The result should be an exact copy of only the lines from the one with "hegen原装进口婴儿宝宝智能奶嘴宽口径超软硅胶仿真母乳新生儿" through the last line of the data below, with pictures omitted.

[Records from a data source]
........
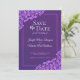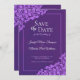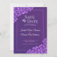 Denna vackra "save the date" för bröllop har en klassisk stil med spetsfiligransmönster och elegant, dekorativ text på en marmorerad bakgrund. Formuleringen är formell och traditionell.
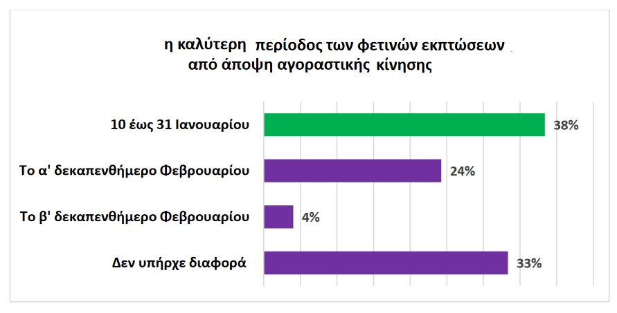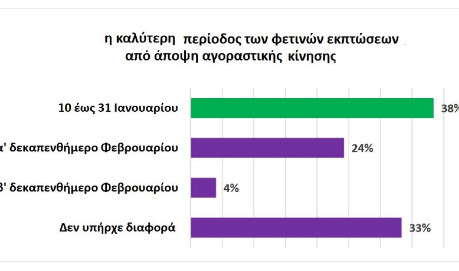 6. Η καλύτερη περίοδος των εκπτώσεων αναδείχθηκε η πρώτη περίοδος τον μήνα Ιανουάριο για το 38% των επιχειρήσεων, έπειτα ακολούθησε το πρώτο δεκαπενθήμερο του Φεβρουαρίου 24%, ενώ για σημαντικό μερίδιο επιχειρηματιών δεν σημειώθηκε κάποια διαφορά μεταξύ των περιόδων.
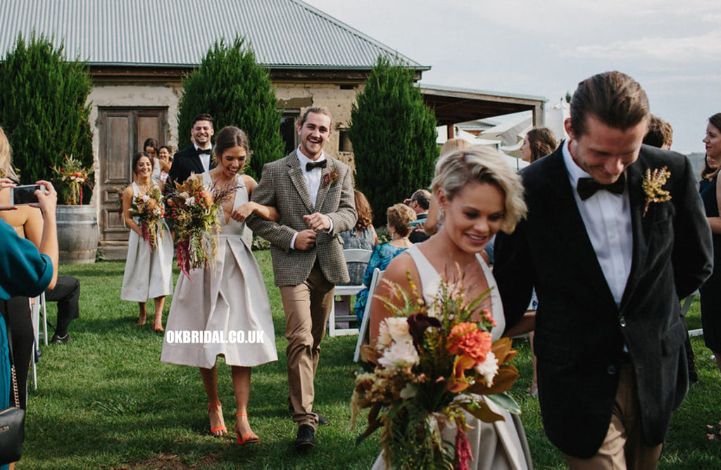 Simple Tea-Length A-Line Deep V-neck Bridesmaid Dresses, FC2006
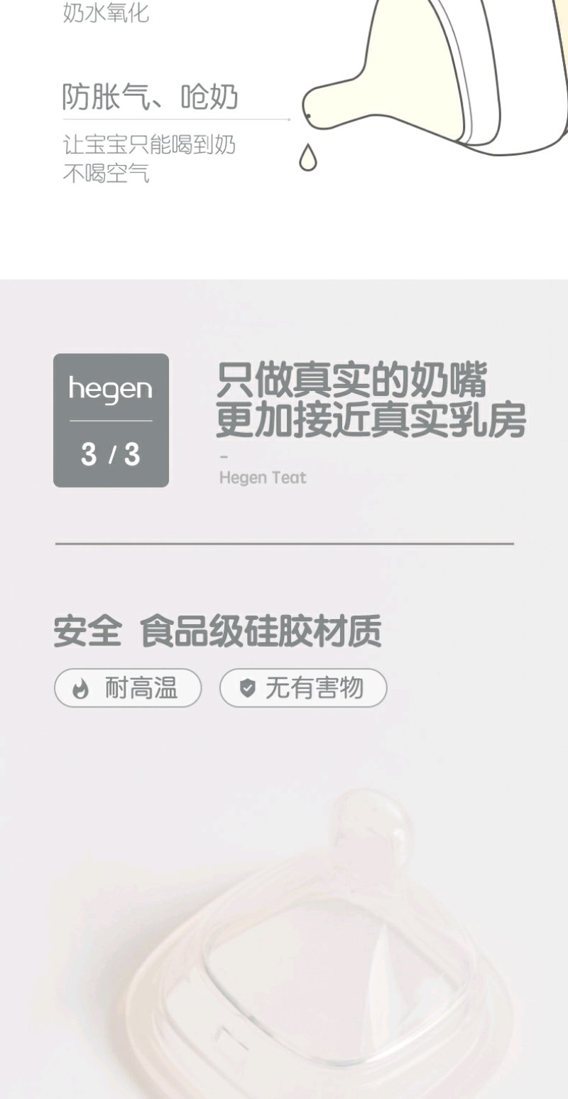 hegen原装进口婴儿宝宝智能奶嘴宽口径超软硅胶仿真母乳新生儿
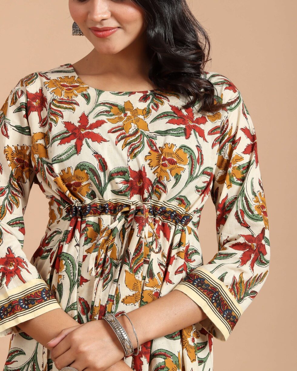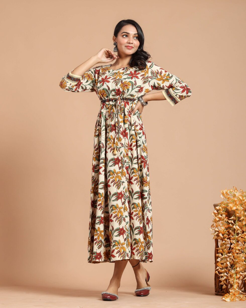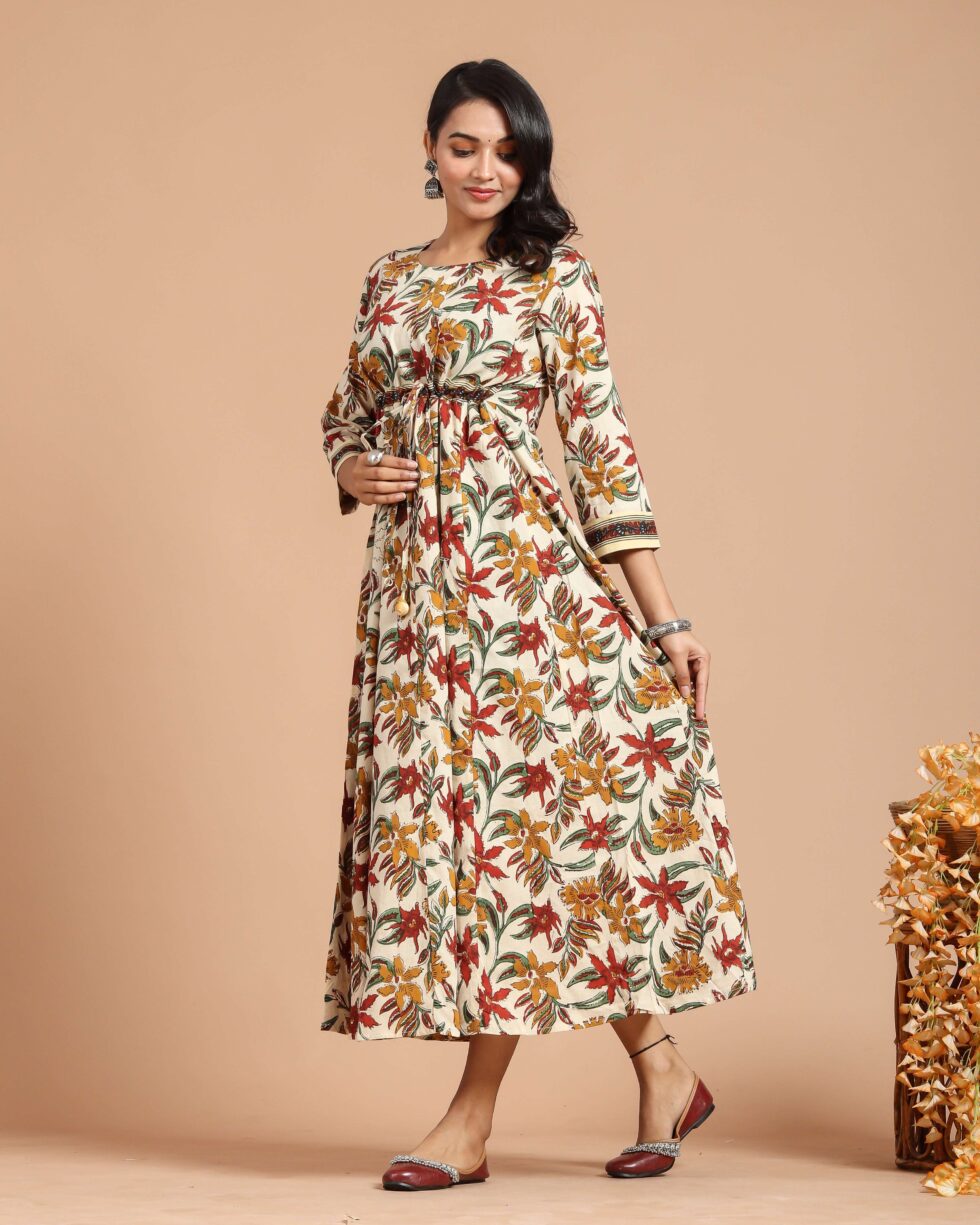 Cream Floral Printed Maxi Dress with Drawstring Waist & 3/4th Sleeves
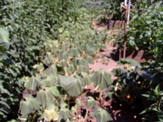 Here is the 200 Lawerce in foreground and the rest of the garden squash. Some of the giant green squash are in the background. Talk about wilting. This photo was taken at 3:00 when it was 108 degrees. Must be 130 degrees in the sun.
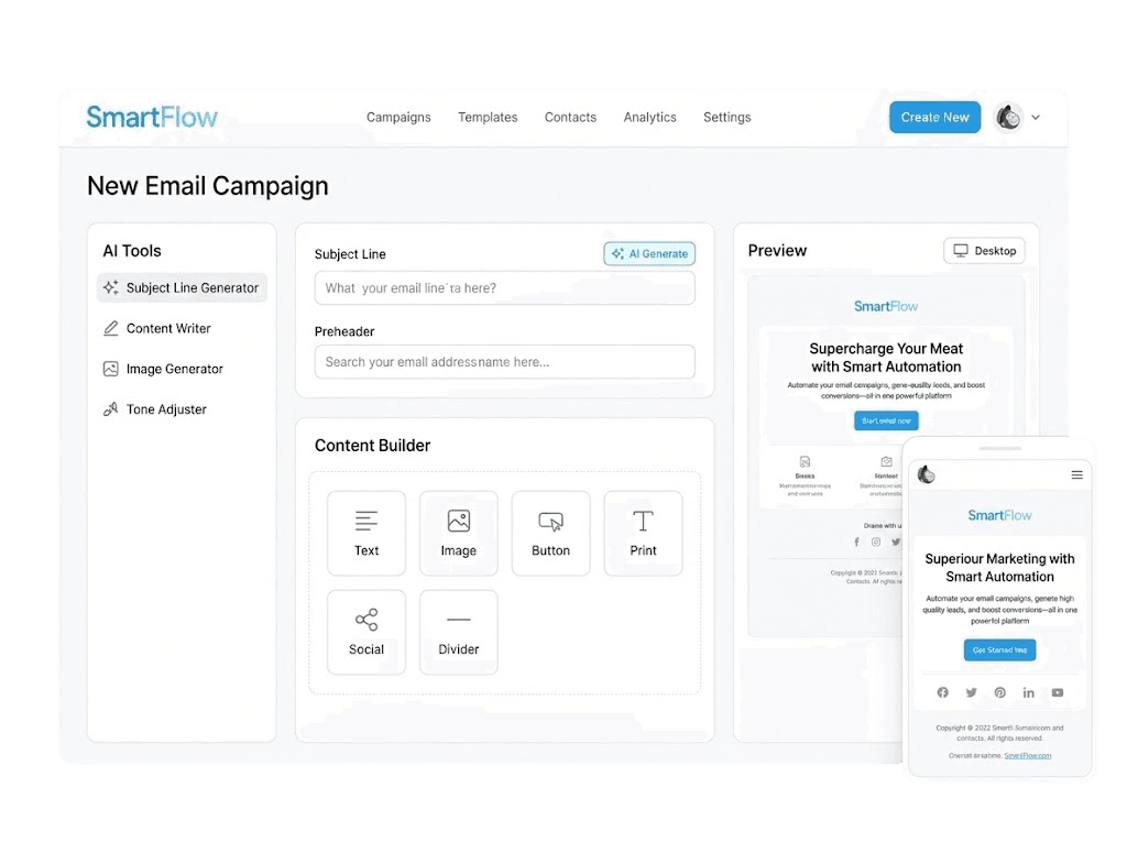 Smart Flow is an AI-powered marketing automation platform that helps you run email, SMS, and social media campaigns from one place. It’s designed to simplify marketing tasks and improve campaign performance.
........
- **Exercise output**:
 hegen原装进口婴儿宝宝智能奶嘴宽口径超软硅胶仿真母乳新生儿
 Cream Floral Printed Maxi Dress with Drawstring Waist & 3/4th Sleeves
 Here is the 200 Lawerce in foreground and the rest of the garden squash. Some of the giant green squash are in the background. Talk about wilting. This photo was taken at 3:00 when it was 108 degrees. Must be 130 degrees in the sun.
 Smart Flow is an AI-powered marketing automation platform that helps you run email, SMS, and social media campaigns from one place. It’s designed to simplify marketing tasks and improve campaign performance.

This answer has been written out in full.